▸ **WHAT THE TASK ASKS**
Transcribe every entry exactly; the images stay out.

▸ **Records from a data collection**
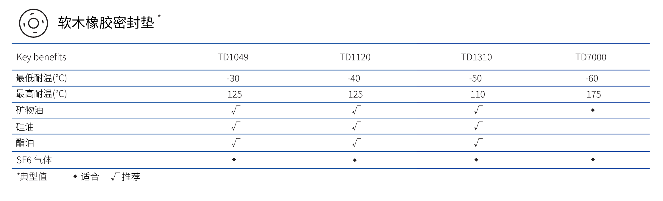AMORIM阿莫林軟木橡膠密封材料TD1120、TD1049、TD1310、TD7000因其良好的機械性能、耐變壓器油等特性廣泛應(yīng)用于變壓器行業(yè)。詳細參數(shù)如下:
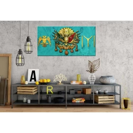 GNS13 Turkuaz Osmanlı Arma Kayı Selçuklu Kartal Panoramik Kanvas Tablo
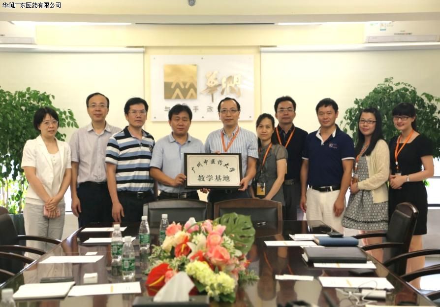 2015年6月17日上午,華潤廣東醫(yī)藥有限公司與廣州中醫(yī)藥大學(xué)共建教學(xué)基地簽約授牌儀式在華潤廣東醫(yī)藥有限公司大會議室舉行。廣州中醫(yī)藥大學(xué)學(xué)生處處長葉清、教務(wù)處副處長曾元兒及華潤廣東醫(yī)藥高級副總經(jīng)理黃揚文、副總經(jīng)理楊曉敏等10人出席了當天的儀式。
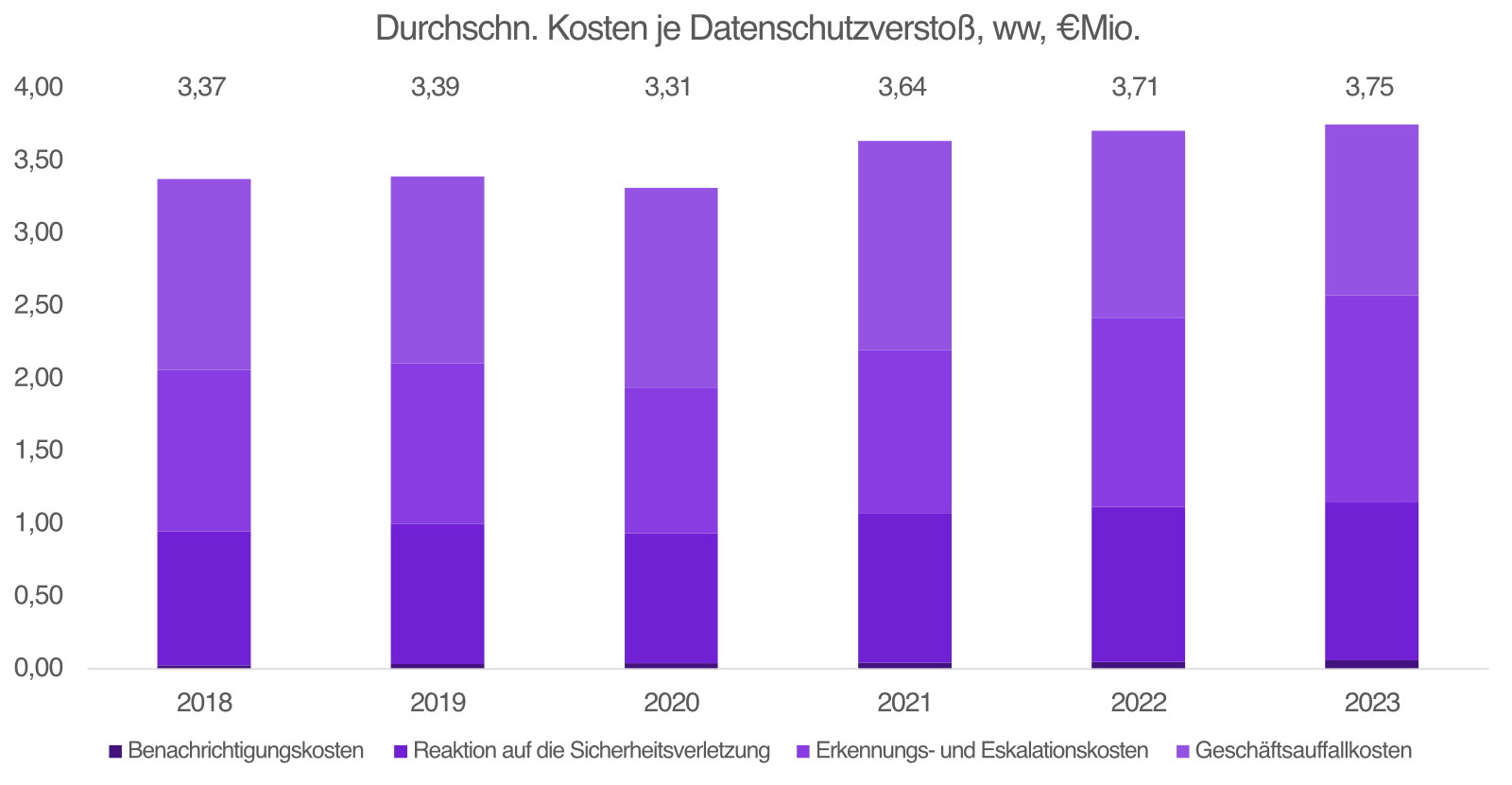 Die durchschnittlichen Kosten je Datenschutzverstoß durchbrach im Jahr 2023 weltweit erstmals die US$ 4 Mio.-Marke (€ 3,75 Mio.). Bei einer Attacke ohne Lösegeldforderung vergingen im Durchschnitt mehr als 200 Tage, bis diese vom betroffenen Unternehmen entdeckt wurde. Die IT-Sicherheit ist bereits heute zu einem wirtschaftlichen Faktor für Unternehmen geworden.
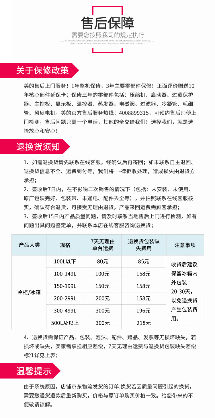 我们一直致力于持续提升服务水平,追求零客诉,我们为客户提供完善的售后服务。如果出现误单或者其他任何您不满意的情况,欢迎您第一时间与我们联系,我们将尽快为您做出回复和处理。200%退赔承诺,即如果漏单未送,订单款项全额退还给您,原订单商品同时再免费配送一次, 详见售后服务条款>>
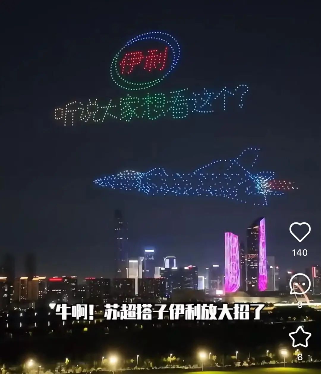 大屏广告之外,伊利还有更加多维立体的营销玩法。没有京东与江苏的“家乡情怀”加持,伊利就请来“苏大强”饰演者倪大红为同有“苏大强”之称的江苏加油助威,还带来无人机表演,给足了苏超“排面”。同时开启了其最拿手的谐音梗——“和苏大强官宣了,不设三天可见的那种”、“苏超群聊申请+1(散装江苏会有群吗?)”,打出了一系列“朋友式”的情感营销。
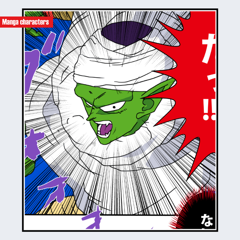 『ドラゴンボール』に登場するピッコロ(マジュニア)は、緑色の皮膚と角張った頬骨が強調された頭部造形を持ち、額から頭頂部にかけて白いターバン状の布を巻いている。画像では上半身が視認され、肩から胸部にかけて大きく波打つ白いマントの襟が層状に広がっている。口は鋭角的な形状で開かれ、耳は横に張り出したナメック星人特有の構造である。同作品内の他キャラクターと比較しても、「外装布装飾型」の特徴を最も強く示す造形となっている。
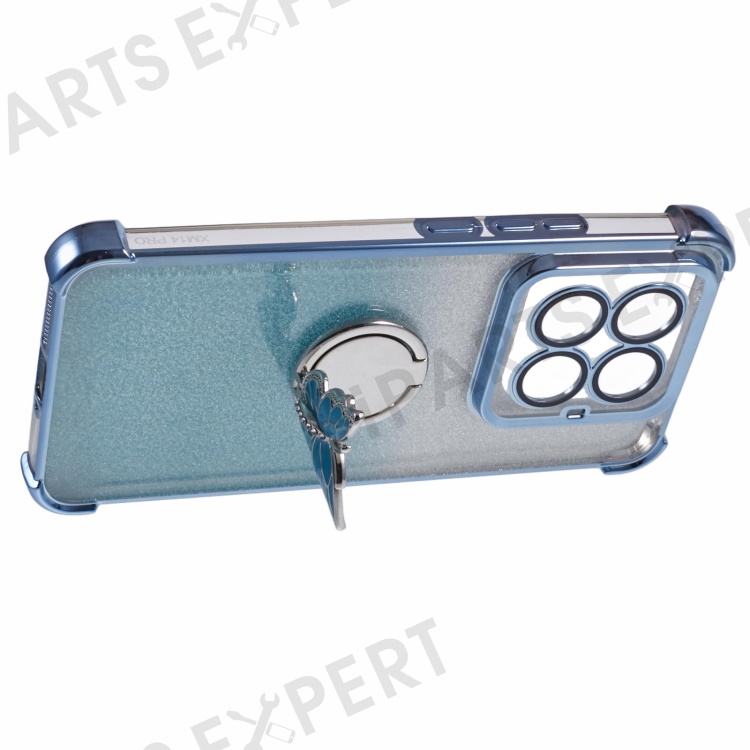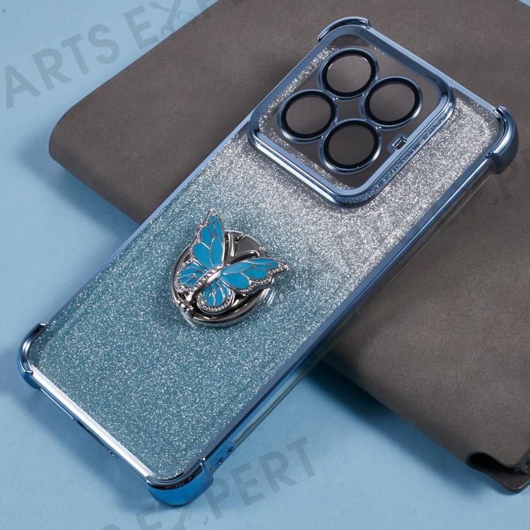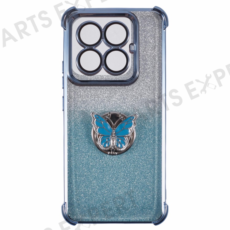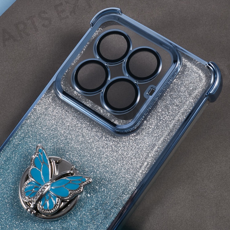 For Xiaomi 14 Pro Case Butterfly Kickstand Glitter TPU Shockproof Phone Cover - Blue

▸ **OUTPUT OF THE EXERCISE**
AMORIM阿莫林軟木橡膠密封材料TD1120、TD1049、TD1310、TD7000因其良好的機械性能、耐變壓器油等特性廣泛應(yīng)用于變壓器行業(yè)。詳細參數(shù)如下:
 GNS13 Turkuaz Osmanlı Arma Kayı Selçuklu Kartal Panoramik Kanvas Tablo
 2015年6月17日上午,華潤廣東醫(yī)藥有限公司與廣州中醫(yī)藥大學(xué)共建教學(xué)基地簽約授牌儀式在華潤廣東醫(yī)藥有限公司大會議室舉行。廣州中醫(yī)藥大學(xué)學(xué)生處處長葉清、教務(wù)處副處長曾元兒及華潤廣東醫(yī)藥高級副總經(jīng)理黃揚文、副總經(jīng)理楊曉敏等10人出席了當天的儀式。
 Die durchschnittlichen Kosten je Datenschutzverstoß durchbrach im Jahr 2023 weltweit erstmals die US$ 4 Mio.-Marke (€ 3,75 Mio.). Bei einer Attacke ohne Lösegeldforderung vergingen im Durchschnitt mehr als 200 Tage, bis diese vom betroffenen Unternehmen entdeckt wurde. Die IT-Sicherheit ist bereits heute zu einem wirtschaftlichen Faktor für Unternehmen geworden.
 我们一直致力于持续提升服务水平,追求零客诉,我们为客户提供完善的售后服务。如果出现误单或者其他任何您不满意的情况,欢迎您第一时间与我们联系,我们将尽快为您做出回复和处理。200%退赔承诺,即如果漏单未送,订单款项全额退还给您,原订单商品同时再免费配送一次, 详见售后服务条款>>
 大屏广告之外,伊利还有更加多维立体的营销玩法。没有京东与江苏的“家乡情怀”加持,伊利就请来“苏大强”饰演者倪大红为同有“苏大强”之称的江苏加油助威,还带来无人机表演,给足了苏超“排面”。同时开启了其最拿手的谐音梗——“和苏大强官宣了,不设三天可见的那种”、“苏超群聊申请+1(散装江苏会有群吗?)”,打出了一系列“朋友式”的情感营销。
 『ドラゴンボール』に登場するピッコロ(マジュニア)は、緑色の皮膚と角張った頬骨が強調された頭部造形を持ち、額から頭頂部にかけて白いターバン状の布を巻いている。画像では上半身が視認され、肩から胸部にかけて大きく波打つ白いマントの襟が層状に広がっている。口は鋭角的な形状で開かれ、耳は横に張り出したナメック星人特有の構造である。同作品内の他キャラクターと比較しても、「外装布装飾型」の特徴を最も強く示す造形となっている。
 For Xiaomi 14 Pro Case Butterfly Kickstand Glitter TPU Shockproof Phone Cover - Blue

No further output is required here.